Primary and secondary antibodies used for immunohistochemistry.
| Antibody | Host | Dilution | Company |
|---|---|---|---|
| ATM (primary) | Mouse | 1: 200 | Abcam (ab78) |
| Phosphorylated ATM (primary) | Mouse | 1: 200 | Abcam (ab36810) |
| Chk2 (primary) | Rabbit | 1: 100 | Abcam (ab47433) |
| P53 (primary) | Mouse | 1: 400 | Abcam (ab26) |
| Phosphorylated P53 (primary) | Rabbit | 1: 100 | Abcam (ab33889) |
| P21 (primary) | Rabbit | 1: 300 | Abcam (ab109199) |
| Envision™ Detection Kit (secondary) | Dako (K5007) |
Real-time polymerase chain reaction (RT-PCR)

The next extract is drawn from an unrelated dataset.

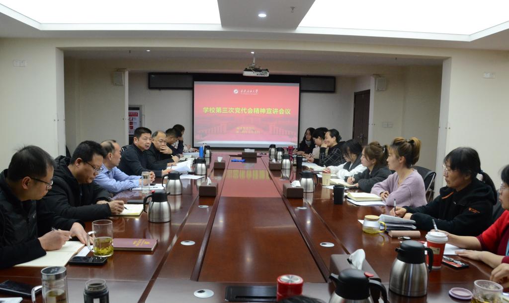 会议首先集体学习了题为《开拓创新 勇担使命 埋头苦干 争创一流 奋力谱写建设特色鲜明高水平教学研究型大学新篇章》的大会报告。耿岭结合自己对学校第三次党代会精神的学习体会谈到,学校第三次党代会是振奋人心的大会,为学校的高质量发展绘就了宏伟蓝图、指明了前进方向、提供了根本遵循、注入了强大信心,并全面准确、系统深入地从“锐意进取、全面发展的六年”“勇担新征程上的新使命”“奋力谱写学校高质量发展的新篇章”“全面加强新时代学校党的建设”等四方面对学校第三次党代会精神进行了深入解读。
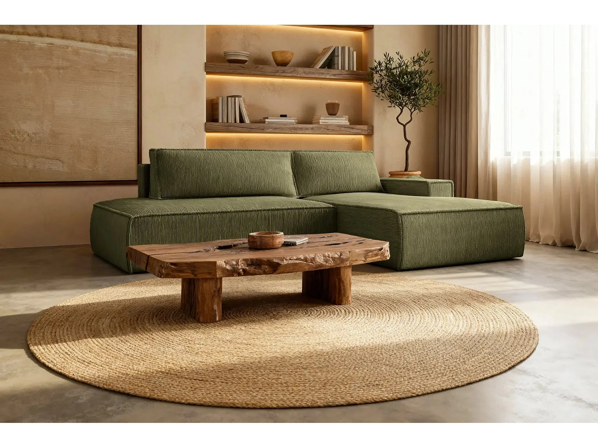 JADE - d'angle convertible velours côtelé - Vert - Gauche

RT-PCR of the right lung was used to detect the expression of ATM, Chk2, P53, and P21. The primer sequences were as follows:
ATM: forward: 3′-GCTTATGACGTTGCATGAAACG-5′
reverse: 3′-GTGACGGGAAATATGGTGGATT-5′
Chk2: forward: 3′-AAGAGACGAATACATCATGTCAAAAACT-5′
reverse: 3′-GGCCACTTTCTTACACGTTTTCC-5′
P53: forward: 3′-TCCTCCCCAACATCTTATCC-5′
reverse: 3′-GCACAAACACGAACCTCAAA-5′
P21: forward: 3′-CGGGCAGTCCCTTCTAGTTCC-5′
reverse: 3′-AATGCTTGAGCACACACGAG-5′
The conditions for the RT-PCR amplification were as follows:
ATM and glyceraldehyde 3-phosphate dehydrogenase (GAPDH):
95°C for 10 s, 60°C for 30 s, and 72°C for 30 s (40 cycles).
Chk2 and GAPDH: 95°C for 10 s, 58°C for 30 s, and 72°C for 30 s (40 cycles).
P53 and GAPDH: 95°C for 10 s, 58°C for 30 s, and 72°C for 30 s (40 cycles).
P21 and GAPDH: 95°C for 10 s, 58°C for 30 s, and 72°C for 30 s (40 cycles).
Western blotting
Lung tissue stored at −80°C was used for Western blotting. The samples were lysed in a buffer with phosphatases and protease inhibitors. The proteins (200 μg) were loaded in a 4–12% Bis-Tris gel (Life Technologies, Carlsbad, USA) and transferred onto PVDF membranes (Merck Millipore, Germany). The membranes were incubated with the antibodies described in Table 2 overnight at 4°C. Antibody binding was detected by an anti-mouse HRP secondary antibody (ab97040, Abcam, UK) and visualized with the ECL development solution (ab133406, Abcam, UK). The Gel-Pro analyzer was used to measure the integrated optical density (IOD) of the samples.
Table 2.
Primary antibodies used for Western blot.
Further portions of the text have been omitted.